• Problem requirements
Retype the material below exactly, from its first line through the line with "경고 메시지 기능을 무시"; the pictures stay out.
Provided material: Begin
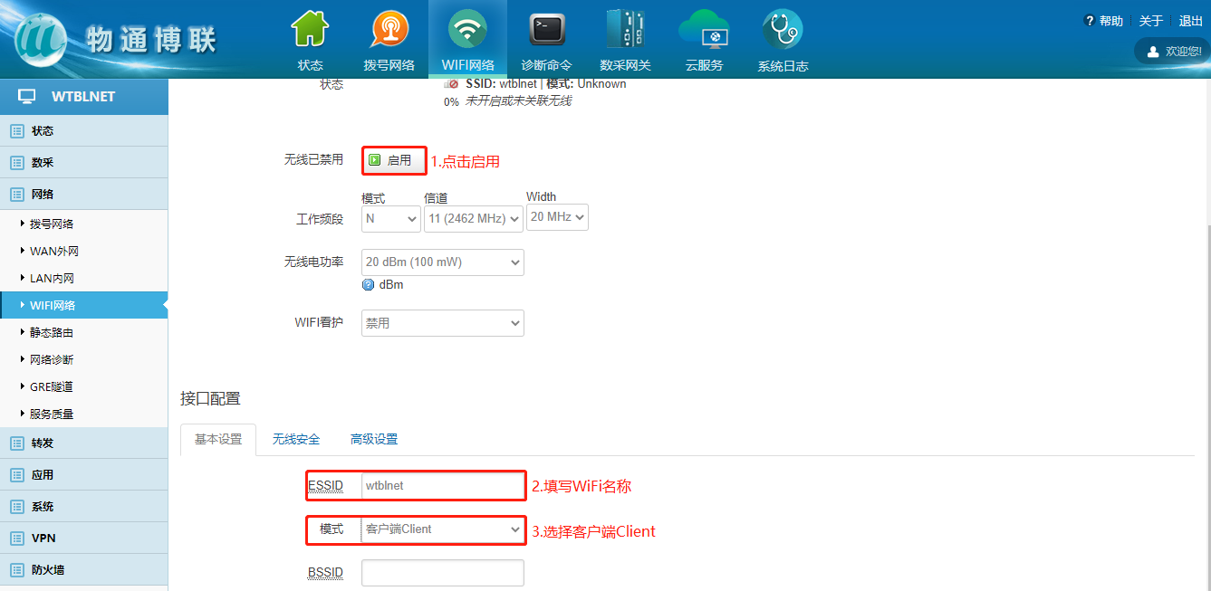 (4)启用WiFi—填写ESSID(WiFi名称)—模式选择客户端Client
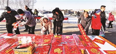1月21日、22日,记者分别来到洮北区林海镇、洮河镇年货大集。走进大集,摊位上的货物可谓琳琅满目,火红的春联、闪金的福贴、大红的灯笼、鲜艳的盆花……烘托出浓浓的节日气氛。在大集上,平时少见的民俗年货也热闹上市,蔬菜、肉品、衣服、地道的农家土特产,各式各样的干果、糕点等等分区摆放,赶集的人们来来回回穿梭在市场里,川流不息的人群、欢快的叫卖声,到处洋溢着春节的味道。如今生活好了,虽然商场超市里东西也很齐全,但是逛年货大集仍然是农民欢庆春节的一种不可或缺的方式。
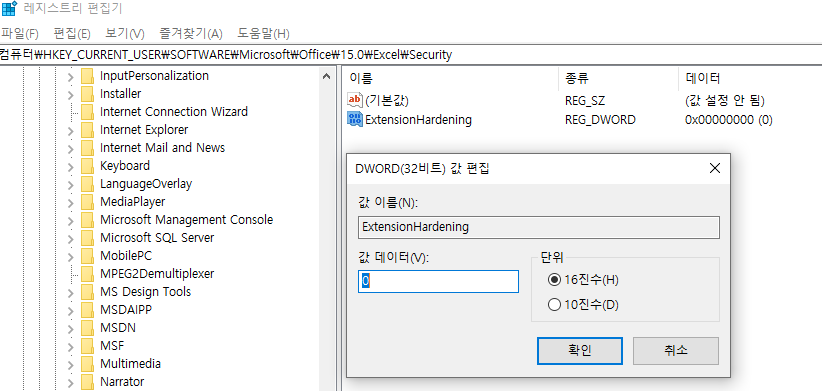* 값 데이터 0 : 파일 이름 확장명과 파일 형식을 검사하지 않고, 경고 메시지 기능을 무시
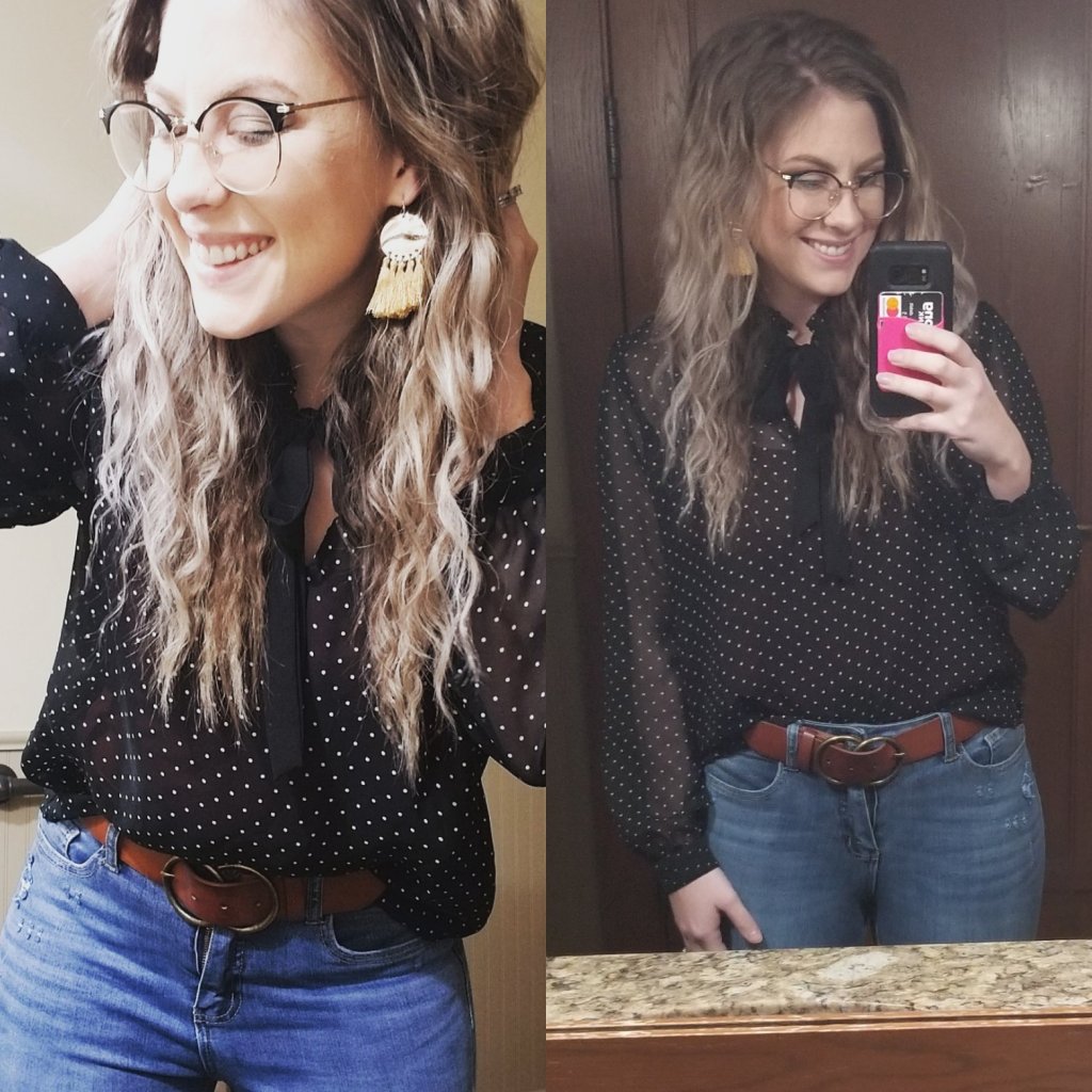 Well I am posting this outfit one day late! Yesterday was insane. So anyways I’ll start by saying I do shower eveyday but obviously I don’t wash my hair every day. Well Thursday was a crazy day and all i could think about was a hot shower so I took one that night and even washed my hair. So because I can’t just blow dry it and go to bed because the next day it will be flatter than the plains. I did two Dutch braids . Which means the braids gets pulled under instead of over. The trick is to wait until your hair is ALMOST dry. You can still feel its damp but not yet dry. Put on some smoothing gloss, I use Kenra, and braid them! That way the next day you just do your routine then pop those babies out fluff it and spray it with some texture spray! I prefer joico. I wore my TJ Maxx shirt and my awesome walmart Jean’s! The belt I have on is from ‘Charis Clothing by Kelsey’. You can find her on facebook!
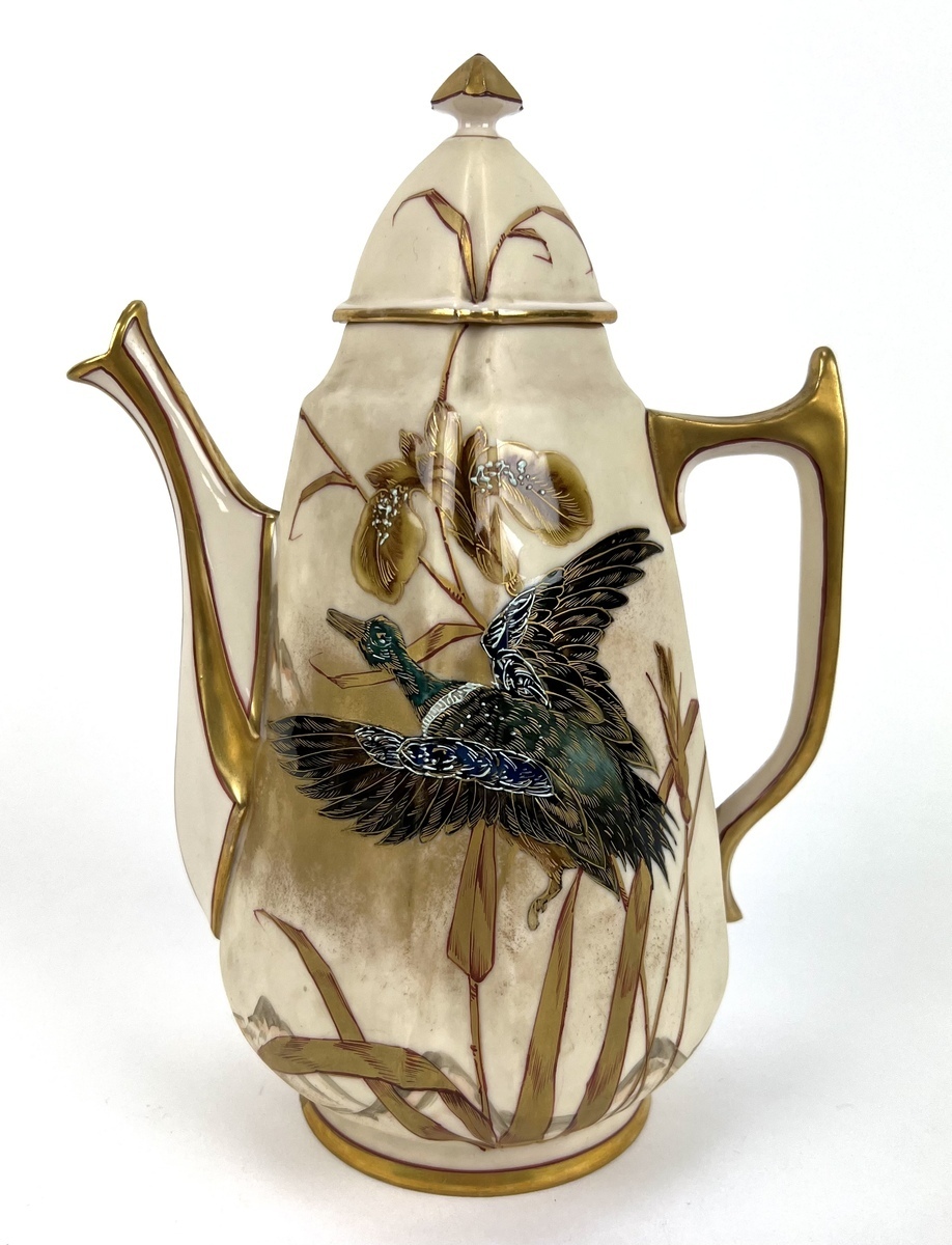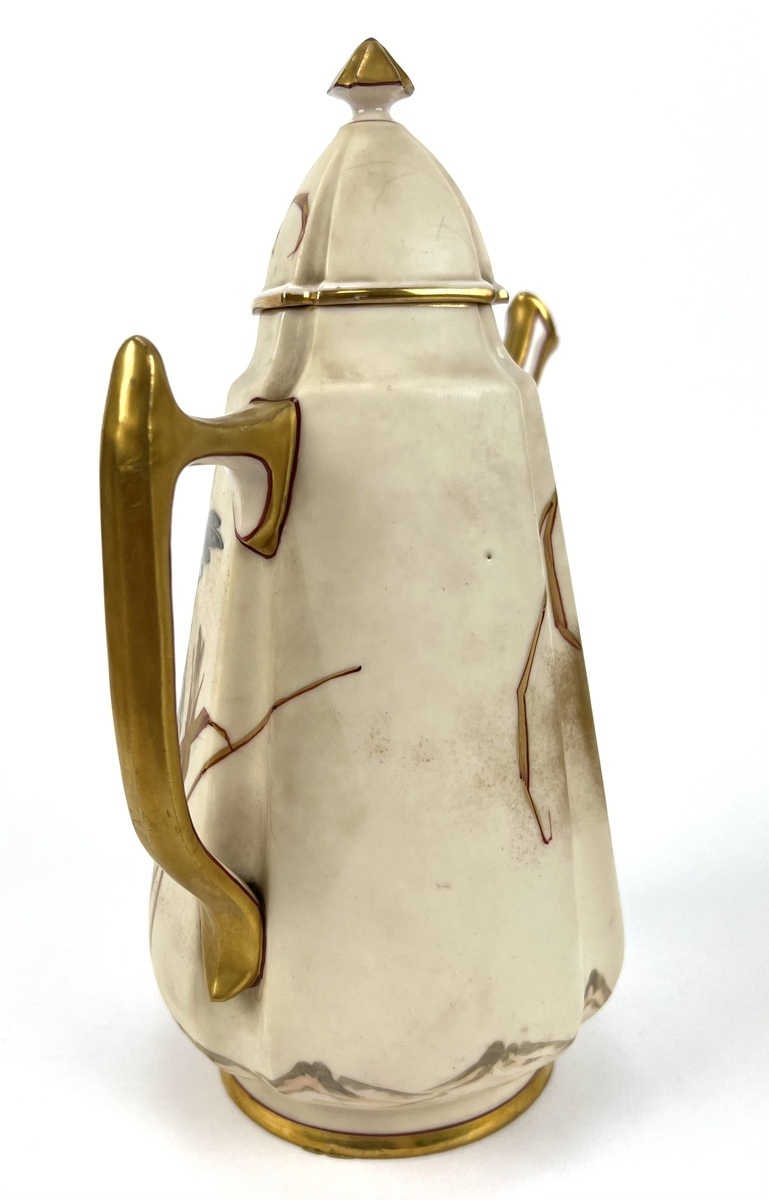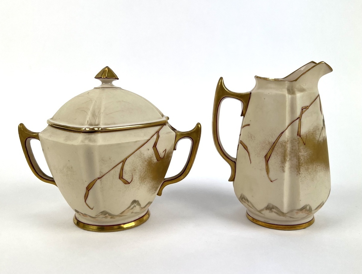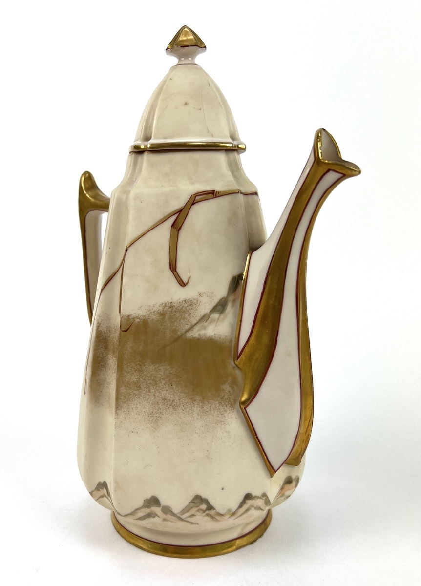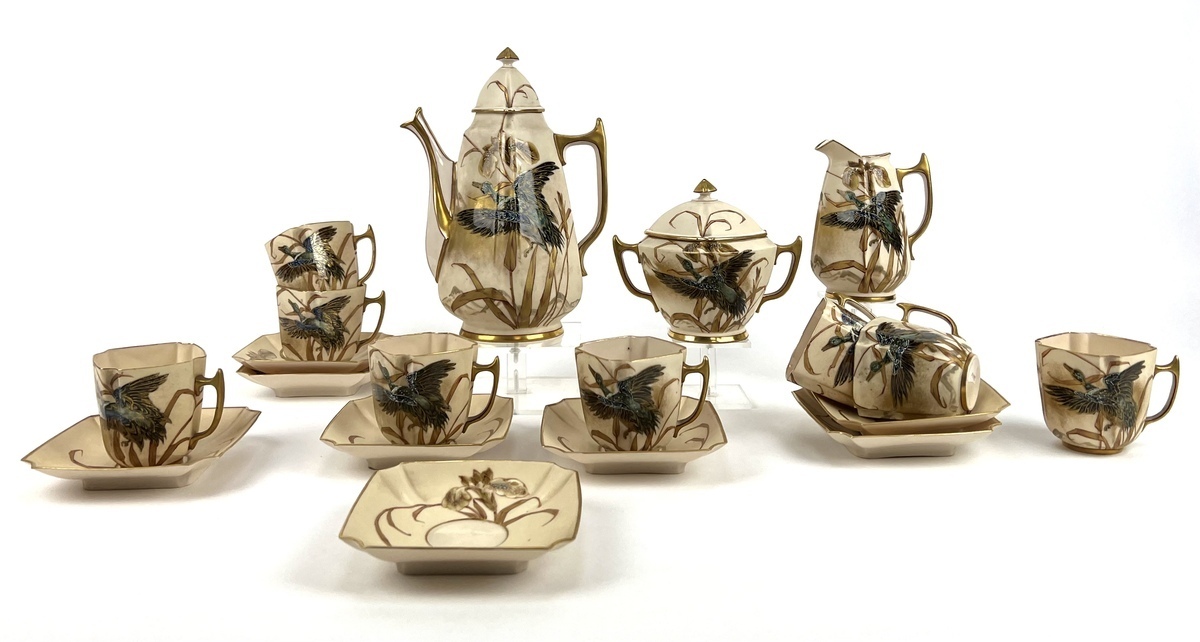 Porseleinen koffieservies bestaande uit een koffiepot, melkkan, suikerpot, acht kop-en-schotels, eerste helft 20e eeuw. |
Provided material: End
• Answer to this exercise
 (4)启用WiFi—填写ESSID(WiFi名称)—模式选择客户端Client
1月21日、22日,记者分别来到洮北区林海镇、洮河镇年货大集。走进大集,摊位上的货物可谓琳琅满目,火红的春联、闪金的福贴、大红的灯笼、鲜艳的盆花……烘托出浓浓的节日气氛。在大集上,平时少见的民俗年货也热闹上市,蔬菜、肉品、衣服、地道的农家土特产,各式各样的干果、糕点等等分区摆放,赶集的人们来来回回穿梭在市场里,川流不息的人群、欢快的叫卖声,到处洋溢着春节的味道。如今生活好了,虽然商场超市里东西也很齐全,但是逛年货大集仍然是农民欢庆春节的一种不可或缺的方式。
* 값 데이터 0 : 파일 이름 확장명과 파일 형식을 검사하지 않고, 경고 메시지 기능을 무시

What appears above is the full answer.